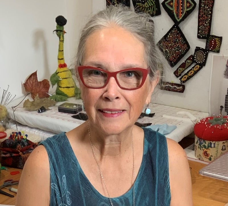 Pages are created through the use of commercial or hand-dyed fabrics, batiks, tulles, sheers, cheesecloth and netting. Dyes, inks and paints are included usually in the detailing along with hand or machine stitching, embroidery, needle and wet felting. The use of paper, metals, beads and found ephemera are often found in my art.
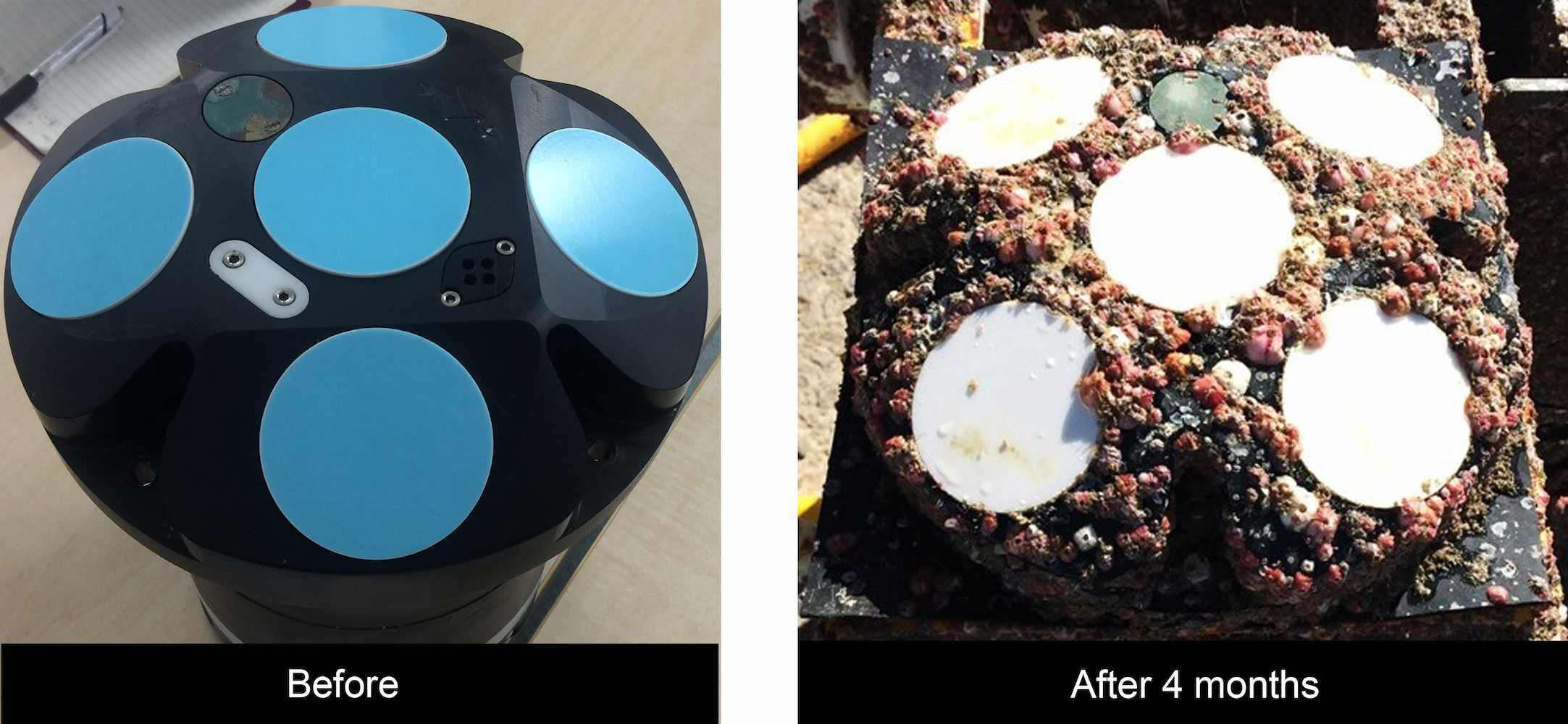 ・After six months of underwater deployment, some biofouling may start to attach to the surface of the stickers. Although the stickers can be cleaned by wiping gently, the antifouling effect may have been somewhat reduced, so we strongly recommend replacing them with a new set.
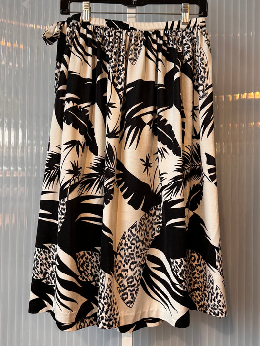 1970s Black & White Tropical Pattern Wrap Skirt
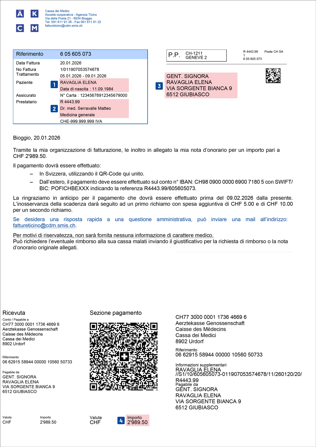 Lo studio medico e l’assicurazione malattia regolano il pagamento direttamente tra loro. Sebbene il processo sia automatizzato, ogni paziente ha il diritto di ricevere una copia della fattura per verificarne il contenuto. È possibile riceverla anche in formato digitale: comunicando il proprio indirizzo e-mail durante la prossima visita, si riceverà un link protetto per accedere comodamente al documento online.
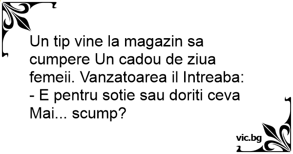 Un tip vine la magazin sa cumpere Un cadou de ziua femeii. Vanzatoarea il Intreaba:
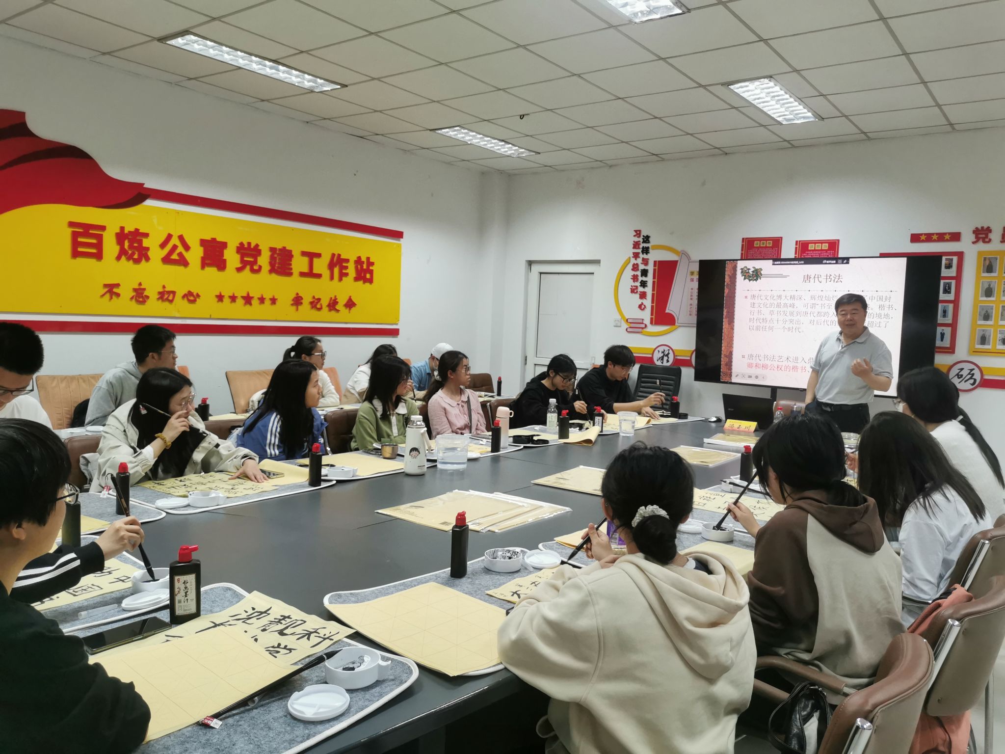 4月8日晚,由我校党委学生工作部策划的“财蕴星光成长计划”大学生素质能力提升特色课程开课,首场课程“翰墨书香·书法赏析与临写”在仙林校区中苑“百炼”公寓党建工作站开讲。本次课程特邀校“五老”讲师团成员、教工书画摄影协会副会长、江苏省教育书法家协会会员、省硬笔书法家协会会员冯玉川主讲,吸引了众多学生参与。
——————————
*Problem description:* Please set down only the lines from the first line of the records above through the line that has "1970s Black &", exactly, and not the pictures.

*Expected output:*
 Pages are created through the use of commercial or hand-dyed fabrics, batiks, tulles, sheers, cheesecloth and netting. Dyes, inks and paints are included usually in the detailing along with hand or machine stitching, embroidery, needle and wet felting. The use of paper, metals, beads and found ephemera are often found in my art.
 ・After six months of underwater deployment, some biofouling may start to attach to the surface of the stickers. Although the stickers can be cleaned by wiping gently, the antifouling effect may have been somewhat reduced, so we strongly recommend replacing them with a new set.
 1970s Black & White Tropical Pattern Wrap Skirt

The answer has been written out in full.